_PROBLEM REQUIREMENTS:_ From the entries that follow, reproduce exactly and only the lines from the line with "HERE WE HAVE" to the line with "The shoe’s zipper", endpoints included.

_DATA:_
═══

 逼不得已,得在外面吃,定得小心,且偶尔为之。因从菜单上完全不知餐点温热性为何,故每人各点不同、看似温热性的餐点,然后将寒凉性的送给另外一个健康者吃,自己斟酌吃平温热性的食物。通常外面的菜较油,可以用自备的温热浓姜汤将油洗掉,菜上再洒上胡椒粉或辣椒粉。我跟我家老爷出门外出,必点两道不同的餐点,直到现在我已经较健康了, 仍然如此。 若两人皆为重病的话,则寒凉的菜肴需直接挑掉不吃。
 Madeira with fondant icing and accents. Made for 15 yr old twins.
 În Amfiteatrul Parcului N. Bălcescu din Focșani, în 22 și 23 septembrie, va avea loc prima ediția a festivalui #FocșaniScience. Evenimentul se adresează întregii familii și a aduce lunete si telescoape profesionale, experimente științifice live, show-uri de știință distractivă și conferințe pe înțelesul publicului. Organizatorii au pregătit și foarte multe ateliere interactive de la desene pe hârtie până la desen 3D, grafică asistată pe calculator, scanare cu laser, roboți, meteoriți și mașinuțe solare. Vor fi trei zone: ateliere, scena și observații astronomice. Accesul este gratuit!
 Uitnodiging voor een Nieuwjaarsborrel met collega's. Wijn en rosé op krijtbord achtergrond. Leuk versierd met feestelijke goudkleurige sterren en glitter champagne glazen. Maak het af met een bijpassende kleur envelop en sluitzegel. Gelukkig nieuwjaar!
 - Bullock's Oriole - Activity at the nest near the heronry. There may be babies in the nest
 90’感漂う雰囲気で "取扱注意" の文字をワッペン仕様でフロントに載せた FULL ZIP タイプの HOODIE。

═══

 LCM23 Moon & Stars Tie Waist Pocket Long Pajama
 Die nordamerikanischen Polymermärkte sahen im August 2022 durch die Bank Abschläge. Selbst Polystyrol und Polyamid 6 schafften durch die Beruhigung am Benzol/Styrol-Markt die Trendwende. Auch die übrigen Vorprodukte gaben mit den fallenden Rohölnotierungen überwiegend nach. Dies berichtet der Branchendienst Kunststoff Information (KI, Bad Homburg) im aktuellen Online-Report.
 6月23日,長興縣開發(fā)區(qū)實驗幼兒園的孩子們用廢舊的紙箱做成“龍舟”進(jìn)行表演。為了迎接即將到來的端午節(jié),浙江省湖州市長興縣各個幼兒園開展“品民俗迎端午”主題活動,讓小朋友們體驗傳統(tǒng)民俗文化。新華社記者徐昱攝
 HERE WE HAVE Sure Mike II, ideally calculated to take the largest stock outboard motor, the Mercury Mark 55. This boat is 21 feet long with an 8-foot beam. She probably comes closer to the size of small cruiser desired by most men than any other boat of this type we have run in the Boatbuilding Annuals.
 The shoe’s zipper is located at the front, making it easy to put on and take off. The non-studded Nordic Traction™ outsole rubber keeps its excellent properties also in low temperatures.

═══

_YOUR SOLUTION:_
 HERE WE HAVE Sure Mike II, ideally calculated to take the largest stock outboard motor, the Mercury Mark 55. This boat is 21 feet long with an 8-foot beam. She probably comes closer to the size of small cruiser desired by most men than any other boat of this type we have run in the Boatbuilding Annuals.
 The shoe’s zipper is located at the front, making it easy to put on and take off. The non-studded Nordic Traction™ outsole rubber keeps its excellent properties also in low temperatures.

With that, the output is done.